Once everyone is set up, we’ll use TaskFlow to explore various debugging scenarios and how Copilot can assist in each.

Core Debugging Concepts

  1. Using Copilot to Run Your Project (15 min)

    1. Learn the basics of using Copilot to configure and run your app, including running development servers, tests and other basic tasks.

  2. Fixing Failing Tests (15 min)

    1. Use Copilot to fix failing unit tests

  3. Full-Stack Debugging with Structured Logging (15 min)

    1. Learn how to debug complex execution environments by adding detailed logging.

  4. Debugging with MCP + PostgreSQL (15 min)

    1. Use Copilot to directly query a PostgreSQL database to help debug complex data bugs. You’ll also learn how to integrate with MCP servers.

Conclusion

Throughout this workshop, you transformed GitHub Copilot from a simple autocomplete tool into a full engineering partner. You learned how to let Copilot run commands, read terminal output, fix failing tests, debug complex client–server interactions with unified logs, and even query a live PostgreSQL database through MCP.

Each step expanded Copilot’s capabilities—and your ability to guide it:

  • You gave Copilot visibility into your project through the terminal.

  • You used structured prompts to walk it through the debugging loop.

  • You added logging and orchestration so it could reason across environments.

  • You connected it to external systems with MCP to inspect real data.

The key lesson is that Copilot becomes most effective when you provide context, structure, and visibility.
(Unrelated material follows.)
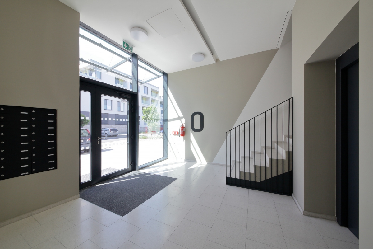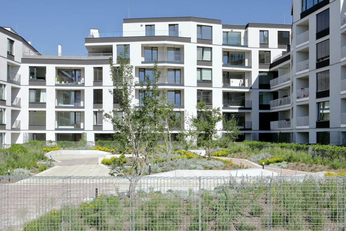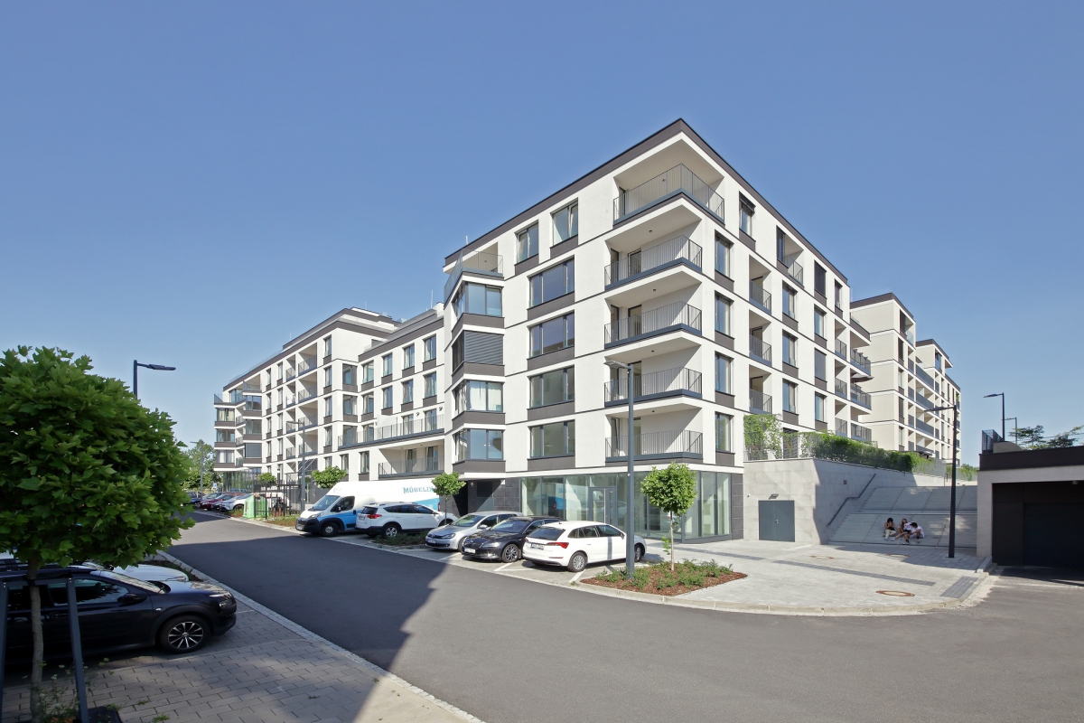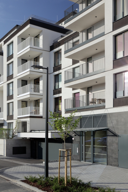 The volume of apartment building A1 is making a semi-closed part of the block which will be supplemented in the next phases of construction. The study is also working with height limits and dividing objects into smaller parts. This method helps to achieve the scale of a city street. The racial character of the street is changed in the courtyard with an organic form of angled facades. The silhouette of the A1 building is height divided by receding upper floors.

With clear prompts and the right tools, Copilot can help you diagnose issues, trace behavior across systems, validate assumptions, and fix bugs end-to-end.

You now have a full toolbox for integrating Copilot into your real debugging workflows—from unit tests to full-stack behavior to database integrity. These skills will scale with your own projects and with the rapidly growing ecosystem of MCP-powered tools.

This is a starting point—continue exploring, experimenting, and shaping Copilot into the teammate you need.